Kamis, 06 Juli 2017

Kreasi Alat Musik Bambu Pengantar Award Bagi Agustinus Sasundu

Musik Bambu,. Agustinus Sasundu (65), adalah seorang warga desa Likuang, Kecamatan Tabukan Utara, Kabupaten Kepulauan Sangihe, Sulawesi Utara yang mendapatkan Penghargaan Kehati Award sebagai pemenang untuk kategori Citra Lestari Kehati 2014. "Saya sudah belajar membuat peralatan Musik Bambu  sejak tahun 1969. Dan hingga kini saya sudah mewariskan kearifan ini ke hampir semua kampung yang ada di Sangihe".

Ayah dari tiga orang anak ini kemudian memperlihatkan bekas luka sobek di tangannya. Luka itu menjadi semacam prasasti bagi jejaknya dalam melestarikan kesenian tradisional orang Sangihe selama 46 tahun. "Ada 18 jahitan untuk menutupi luka ini. Kecelakaan itu terjadi saat saya masih menggunakan pisau melubangi bambu untuk peralatan musik. Pisaunya terpeleset dan merobek tangan saya," kata Agustinus. Tetapi bukannya berhenti dari pekerjaannya, Agustinus justru menganggap luka yang merobek tangannya itu justru menjadi pelecut baginya untuk terus menemukan cara terbaik membuat Musik Bambu.

Dari tahun ke tahun, Agustinus terus berkreasi menciptakan cara yang inovatif menjadikan Musik Bambu tak sekadar terlihat menoton. Dia juga menciptakan alat kerjanya sendiri sejak tahun 1980. Kini lewat kreasi Agustinus, musik bambu asal Sangihe tampil dengan berbagai bentuk yang inovatif. Beberapa peralatan musik tiup tersebut bahkan terlihat seperti bentuk saxophone modern, terompet dengan berbagai lekuk pipanya dan berbagai bentuk inovatif lainnya. Semuanya dari bambu.

Lewat bengkel kerjanya yang sederhana di belakang rumah, Agustinus tidak hanya menghasilkan ratusan set peralatan Musik Bambu, tetapi dia juga sudah mewariskan ilmunya tersebut ke berbagai orang dengan tujuan agar kesenian tradisional itu tetap lestari. "Saya sering terima order pembuatan satu set, itu bisa memerlukan waktu tiga sampai empat bulan. Dan saya suka membuatnya di kampung mereka, agar mereka juga bisa belajar bagaimana membuatnya, supaya lebih banyak yang tahu," kata Agustinus.

Alhasil Agustinus dengan sendirinya menjadi pewaris seni dan budaya daerah.

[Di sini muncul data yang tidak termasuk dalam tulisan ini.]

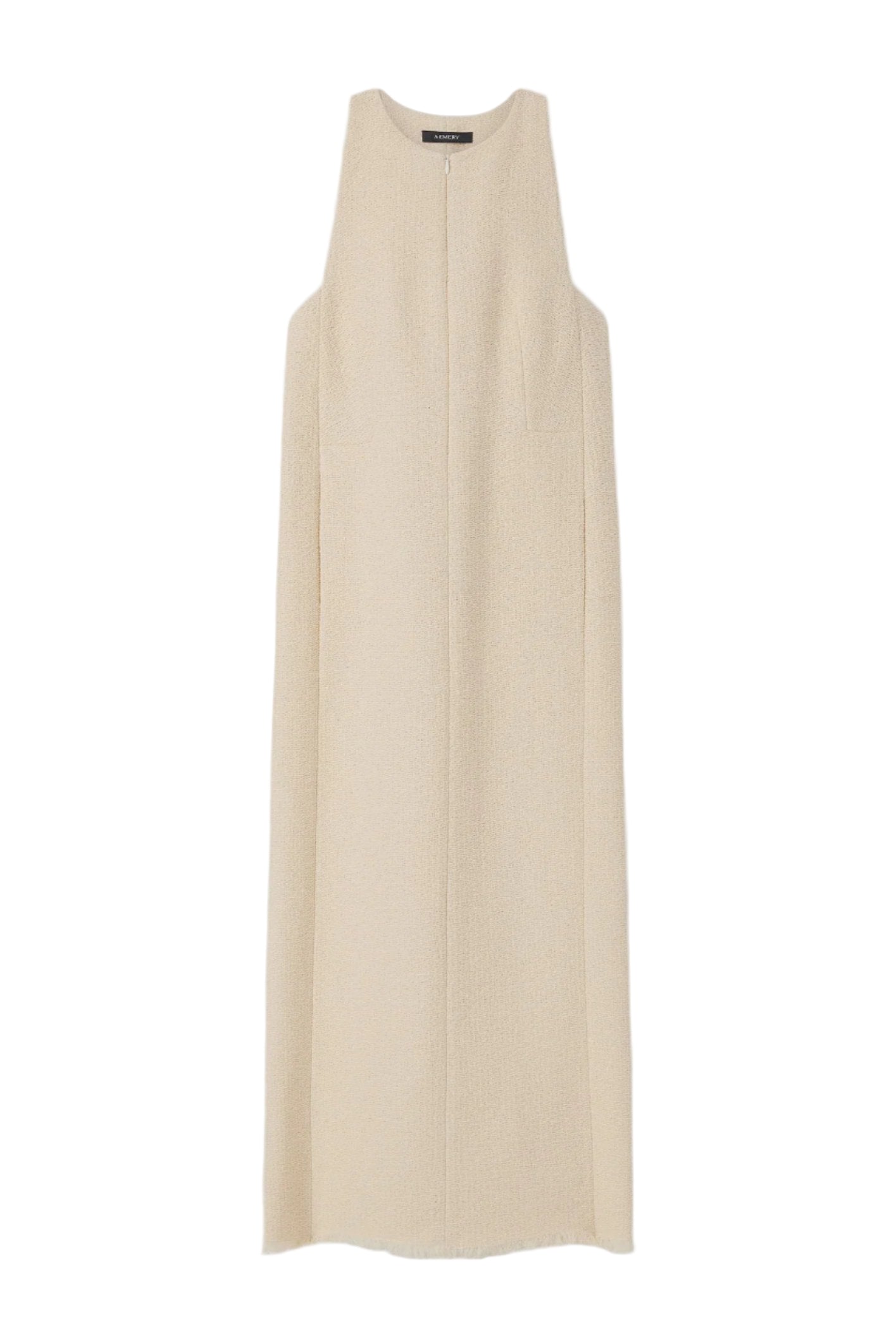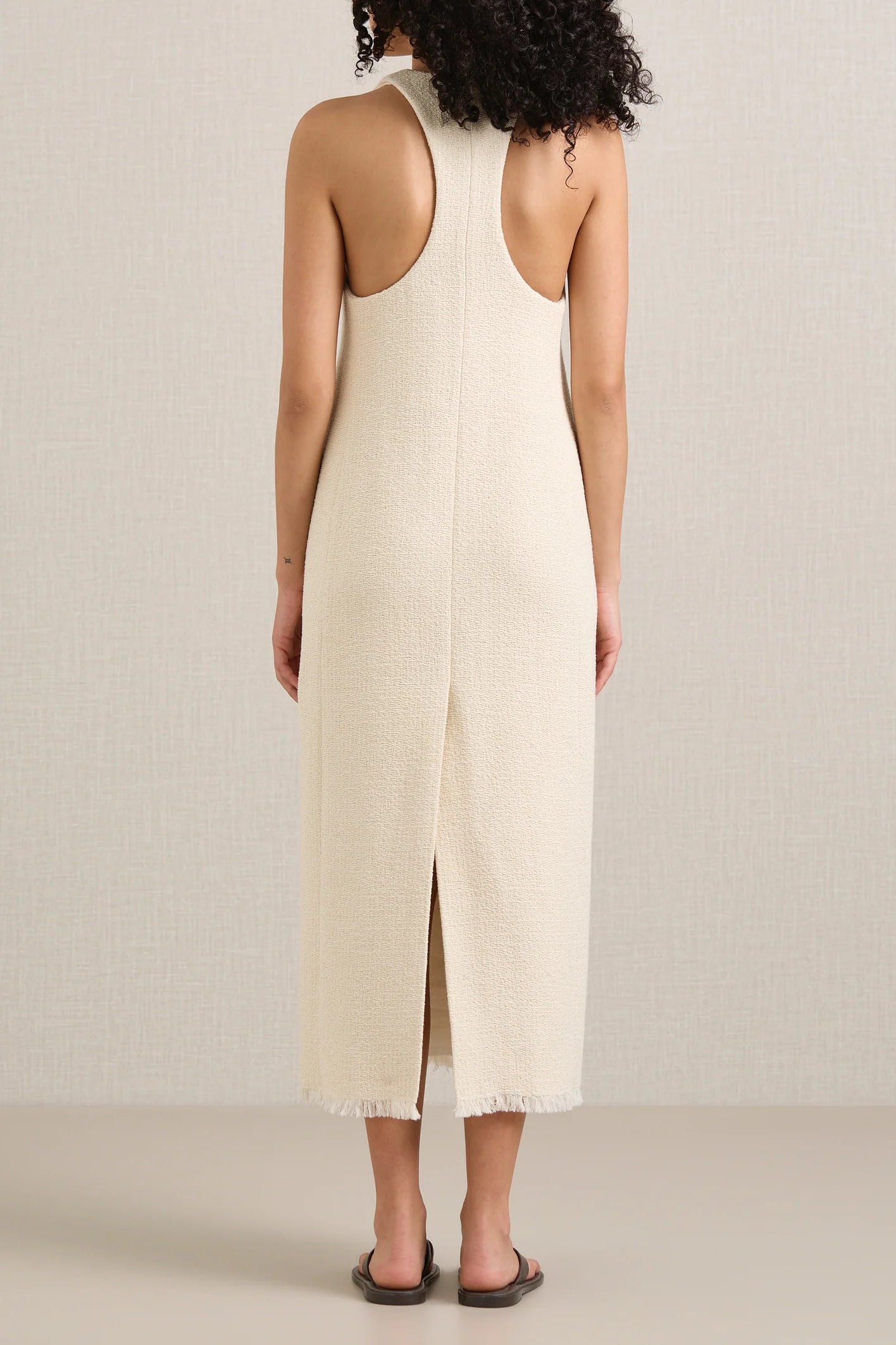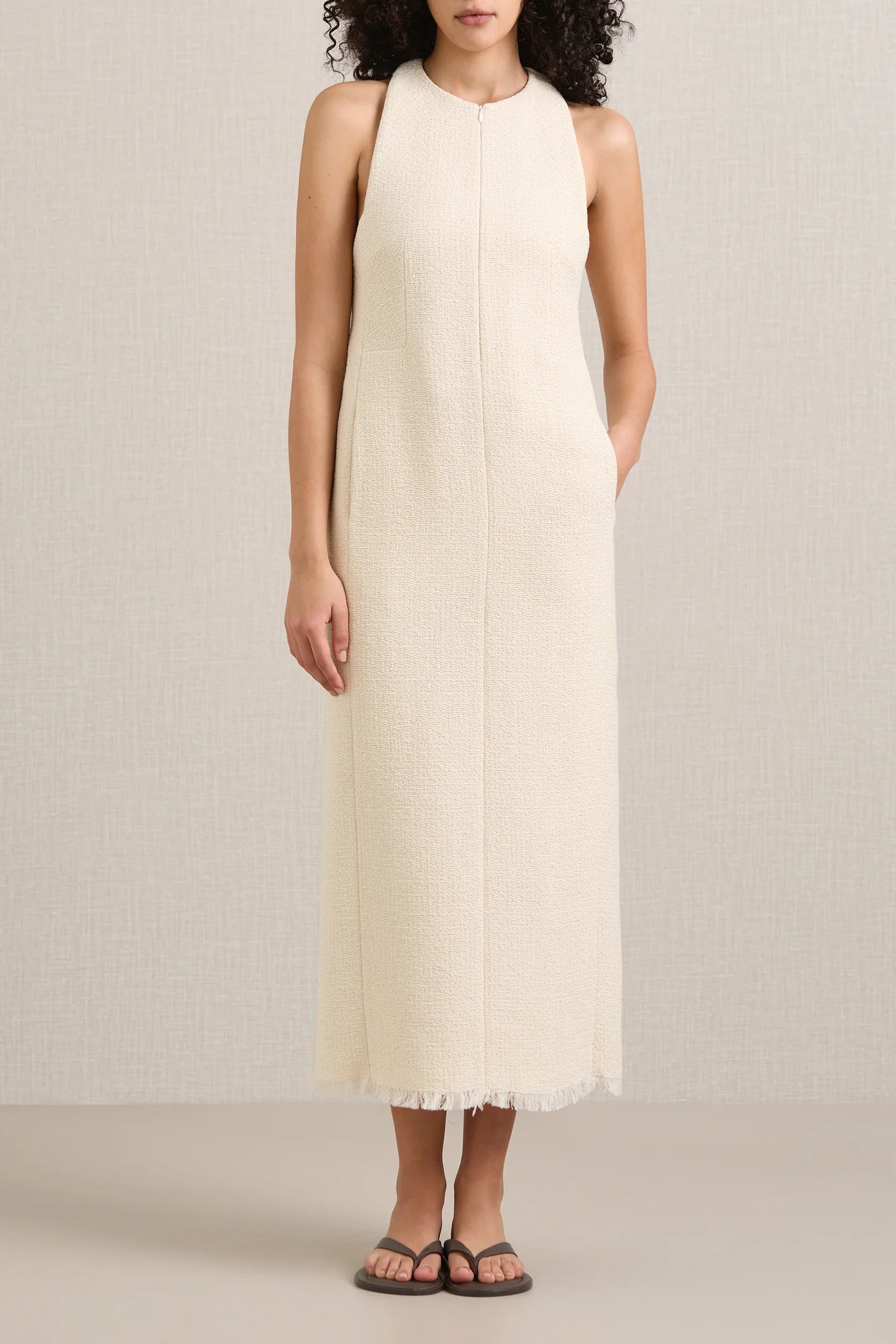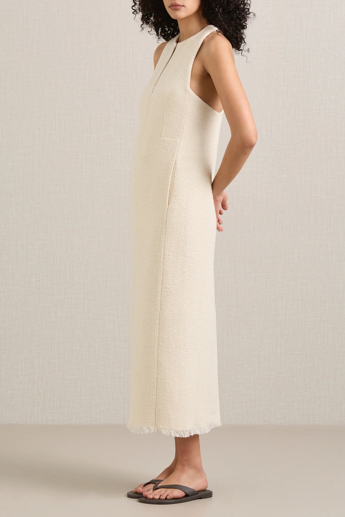 A Emery Avril Dress in Natural. Structured yet airy, the Avril Dress is crafted from heavyweight Italian cotton. Its flowing silhouette, adjustable invisible-zip neckline and raw hem bring texture and versatility. Perfect for layering or warmer days.

Menariknya, sosok sederhana ini bukan hanya sebagai pembuat Musik Bambu, tetapi dia juga tampil sebagai pelatih dan arranger lagu yang dibawakan. Tidak mudah mengaransemen partitur musik bambu yang sedikitnya terdiri dari 40 jenis peralatan musik tersebut. Ini sama halnya dengan mengaransemen sebuah orkestra.

Pernah satu waktu Agustinus diminta melatih kelompok Musik Bambu di Pulau Nanekele yang hampir semua warganya belum bisa baca tulis. Mereka hidup sebagai nelayan tradisional dan jauh dari perkembangan modern karena transportasi laut yang masih susah waktu itu.

Dedikasi Agustinus dalam menjaga kelestarian kesenian itu, membuatnya sering diundang dalam berbagai kegiatan budaya. Dia bersama grupnya Welengang Pontolawokang Sawang Jauh banyak kali diundang tampil di luar provinsi, seperti di Jawa,Kalimantan dan Papua.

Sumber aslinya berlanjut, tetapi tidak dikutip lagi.